Re: Wait and see
Err... You want to tax _outgoings_ rather than profits?
What I'm saying is that for almost all countries, the current tax system for businesses was designed in a time when all businesses were local, and some exported or imported overseas.
Today most countries are being exploited by multinationals, that take advantage of legal fictions and loopholes to avoid paying what they should in the countries that they operate in. Starbucks. Google. Amazon. Apple. it really doesn't matter who, BigCorp is a good enough name.
The key is that they and their subsidiaries really are the same company, in spite of the legal fiction that they aren't. In that there is one overall management team that controls pricing and what is happening at every subsidiary, and has shareholders that it reports to. The subsidiaries usually only have one shareholder - the parent company.
And as someone else pointed out, if you or I tried this, we'd be held liable for every scrap of tax owed, but BigCorp gets away with it, because they have the money to buy the right politicians. Financial transfers to related entities attract tax. So do royalty payments. But the "Licence Fees" are allocated as expenses, so can be used to offset profits.
So what I say is the "licencing fees" that BigCorp(AU) pays to BigCorp should be taxed at the same rate that profits or royalty payments should have been - because they really are.

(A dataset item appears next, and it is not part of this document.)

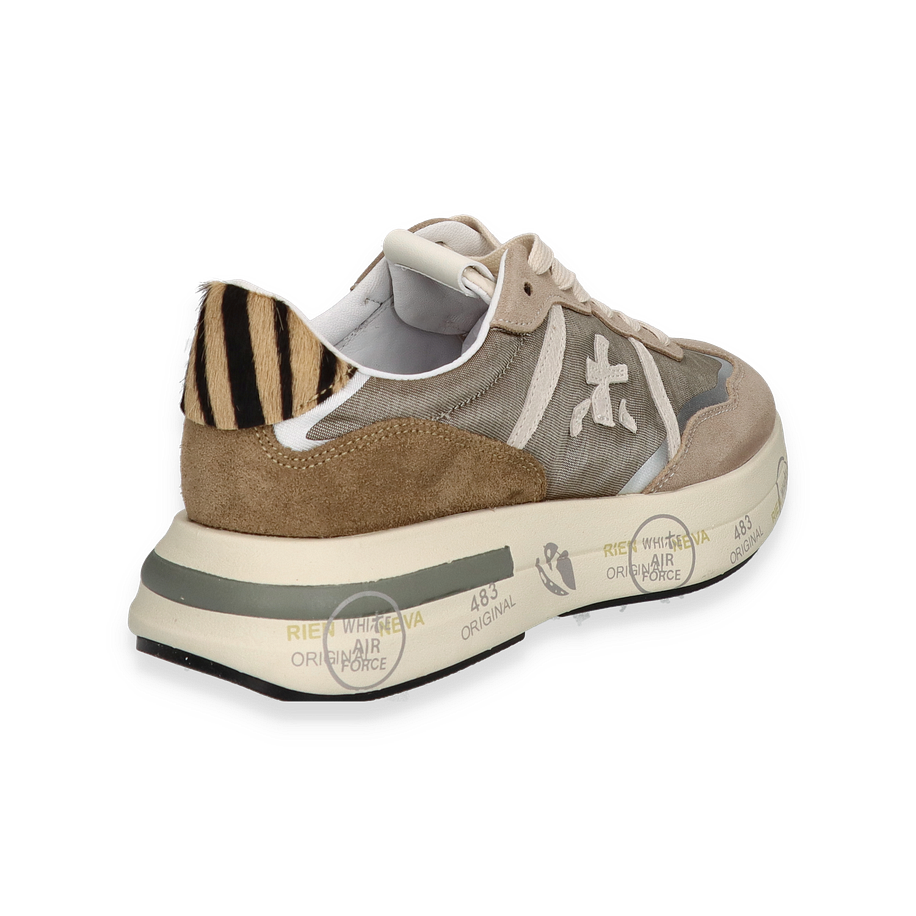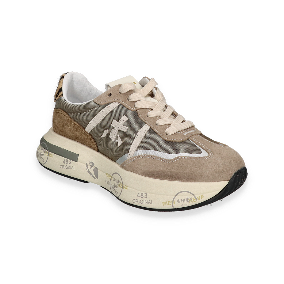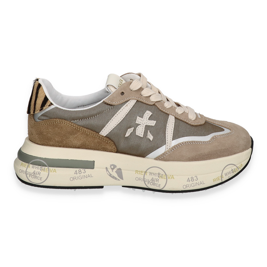Preis inkl. MwSt.Der Premiata Sneaker CASSIE für Damen präsentiert sich in einem eleganten Beige-Ton, der sich mühelos in jede Garderobe integrieren lässt. Die Kombination aus Leder, Textil und sonstigem Material verleiht dem Schuh nicht nur eine ansprechende Optik, sondern auch eine besondere Vielseitigkeit. Der dezente Absatz von 3,5 cm sorgt für eine feminine Silhouette, während die markanten Details und das charakteristische Logo-Design dem Sneaker einen modernen Touch verleihen.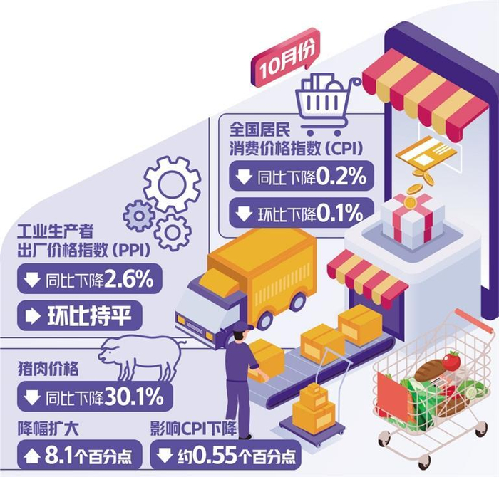 国家统计局11月9日发布数据显示,10月份,全国居民消费价格指数(CPI)同比下降0.2%,环比下降0.1%;工业生产者出厂价格指数(PPI)同比下降2.6%,环比持平。

Take the rate Starbucks pays for beans, or Amazon pays Luxembourg for the use of the name in the UK. They are fake costs done for accountancy purposes and everyone knows it.
Being able to make an iThing for x and sell it for 500x is fine. Its when the company "sells" it internally to a subsidiary for 500x-1 that things go wrong. If BigCorp really is two separate companies, then the supplier should be able to sell your iThing at 200x wholesale to a competitor. If they aren't willing to compete, then the two entities are related, and should be taxed accordingly.